Two unrelated events in the last year have had a huge impact on Wayne Rooney’s life.
The departure of Cristiano Ronaldo from Manchester United at the end of last season changed Rooney’s role on the pitch and the arrival of baby son Kai in November changed his life off it. He has been in superb form ahead of the World Cup and will vie with Ronaldo of Portugal, as well as Lionel Messi of Argentina, Fernando Torres of Spain and Brazil’s Kaka to be the leading light of the tournament and bring home the trophy.
“I hope to do better than them because, if that happens, then England have to win the World Cup so I will be happy on both fronts,” said Rooney after being named the Professional Footballers Association Player of the Year at the end of April. The Footballer of the Year award, voted for by the country’s football writers, followed a few days later and added to the happiness in both his private and professional life. The 24-year-old remains as brave and strong as when he made his debut for Everton aged 16.
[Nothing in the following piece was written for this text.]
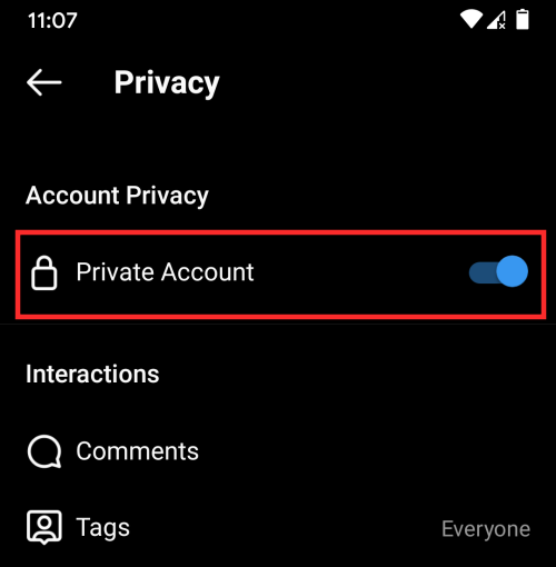 Next, disable the toggle adjacent to ‘Private Account’ to make your account public to everyone on Instagram.

Ronaldo’s departure from Old Trafford meant Rooney’s role for United changed from one of a deep-lying forward looking to bring others into play into an out-and-out striker. He scored 34 goals for United in all competitions this season but remained effective as a creator of chances and a scorer of breathtaking goals.
‘Quants’ predict English domination
England will win the World Cup this summer after overcoming their traditional Achilles heel to beat Spain on penalties in the final, according to “lighthearted” analysis by J P Morgan. The US bank’s number crunchers have applied complex quantitative analysis – more normally used to assess investment opportunities – with J P Morgan saying Brazil are the strongest team but predicts they will crash out to the Netherlands after a penalty shootout in the quarter-finals.
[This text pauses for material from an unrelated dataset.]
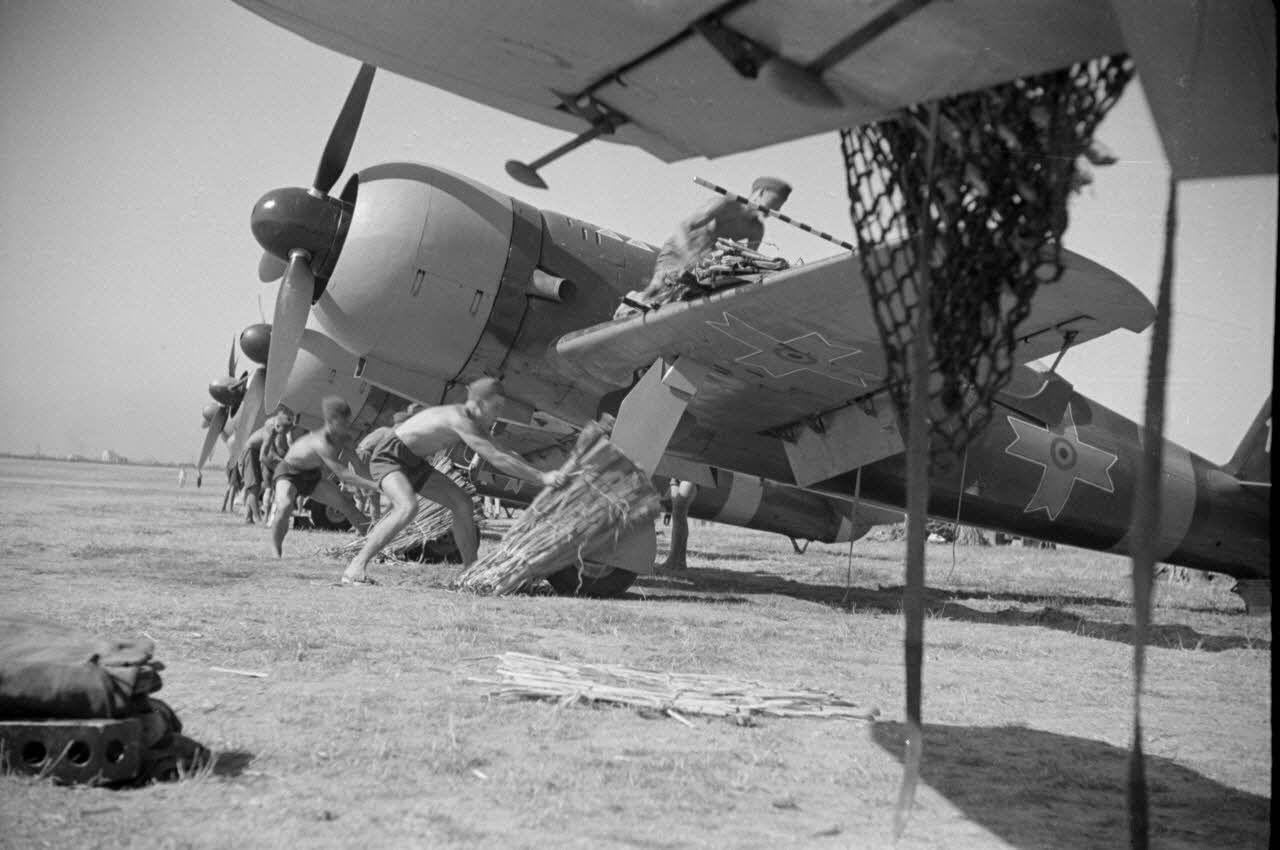 Les mécaniciens du groupe de chasse préparent les avions IAR 80 qui portent les numéros : "178" ou "170", "132" et "137". On note également quelques noms de baptème comme "Félicia" (DAA 2619 L05 et L06) sur le chasseur IAR 80 portant le numéro 131. Dans un hangar, des mécaniciens s'affairent sur des chasseurs Messerschmitt Bf-109 d'origine allemande. Des pilotes roumains courent vers leur chasseur IAR 80, on note les numéros des avions : "137" et "132", "146". Derrière les chasseurs roumains, un Mersserschmitt Bf-109 avec le numéro 1.

The model sees Rooney’s England, then, knocking out the Dutch in the semi-finals before conquering Spain in the final, winning in a penalty shootout - the method which has so often been their downfall. Set out in a 69-page report, the model uses the straightforward bookmakers’ odds and FIFA rankings and measures factors such as price trends and investors’ sentiment. The two analysts who came up with the model, Matthew Burgess and Marco Dion, said it was just “an ideal opportunity to lightheartedly explain quantitative techniques”.
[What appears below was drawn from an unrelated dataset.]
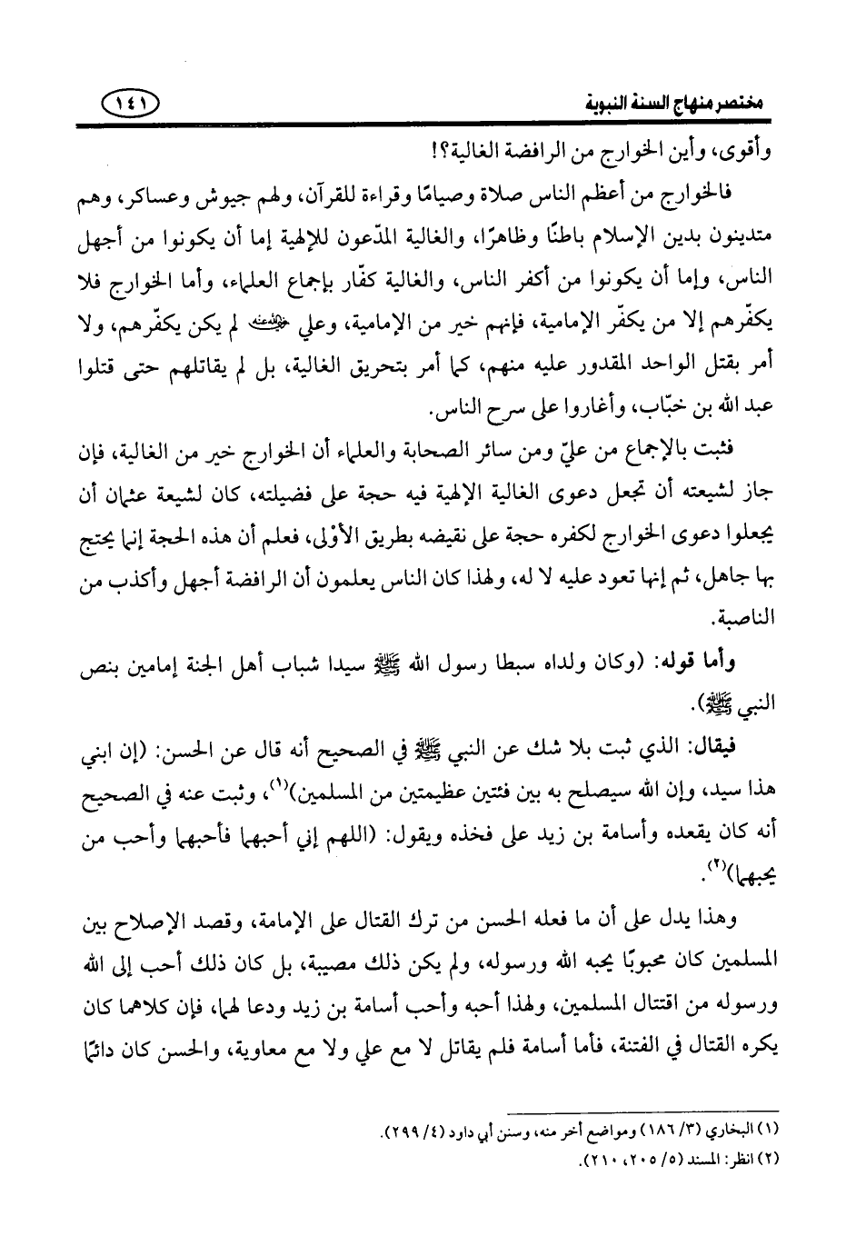 ثُمَّ إِنْ كَانَ النَّبِيُّ - صَلَّى اللَّهُ عَلَيْهِ وَسَلَّمَ - جَعَلَهُمَا إِمَامَيْنِ لَمْ يَكُونَا قَدِ اسْتَفَادَا الْإِمَامَةَ بِنَصِّ عَلِيٍّ، وَلَاسْتَفَادَهَا الْحُسَيْنُ بِنَصِّ الْحَسَنِ عَلَيْهِ، وَلَا رَيْبَ أَنَّ الْحَسَنَ وَالْحُسَيْنَ رَيْحَانَتَا النَّبِيِّ - صَلَّى اللَّهُ عَلَيْهِ وَسَلَّمَ - فِي الدُّنْيَا. وَقَدْ ثَبَتَ أَنَّهُ - صَلَّى اللَّهُ عَلَيْهِ وَسَلَّمَ - أَدْخَلَهُمَا مَعَ أَبَوَيْهِمَا تَحْتَ الْكِسَاءِ، وَقَالَ: ((اللَّهُمَّ هَؤُلَاءِ أَهْلُ بَيْتِي فَأَذْهِبْ عَنْهُمُ الرِّجْسَ وطهِّرهم تَطْهِيرًا)) وأنه دعالهما فِي الْمُبَاهَلَةِ، وَفَضَائِلُهُمَا كَثِيرَةٌ، وَهُمَا مِنْ أَجِلَّاءِ سَادَاتِ الْمُؤْمِنِينَ. وَأَمَّا كَوْنُهُمَا أَزْهَدَ النَّاسِ وَأَعْلَمَهُمْ فِي زَمَانِهِمْ فَهَذَا قَوْلٌ بِلَا دَلِيلٍ.

Exhaustion will hit England– Ferguson
United’s manager Sir Alex Ferguson, though, disagrees and said that England’s bid for glory at the World Cup will be hurt by the exhaustion of their players after a long season of fast-paced Premier League football.“Every game Manchester United play is a Cup final,” Ferguson told reporters at a news conference promoting Manchester United’s four-game North American summer tour. “You have to say the number of games, particularly at our level, is exhausting.”
Published in the Express Tribune, May 20th, 2010.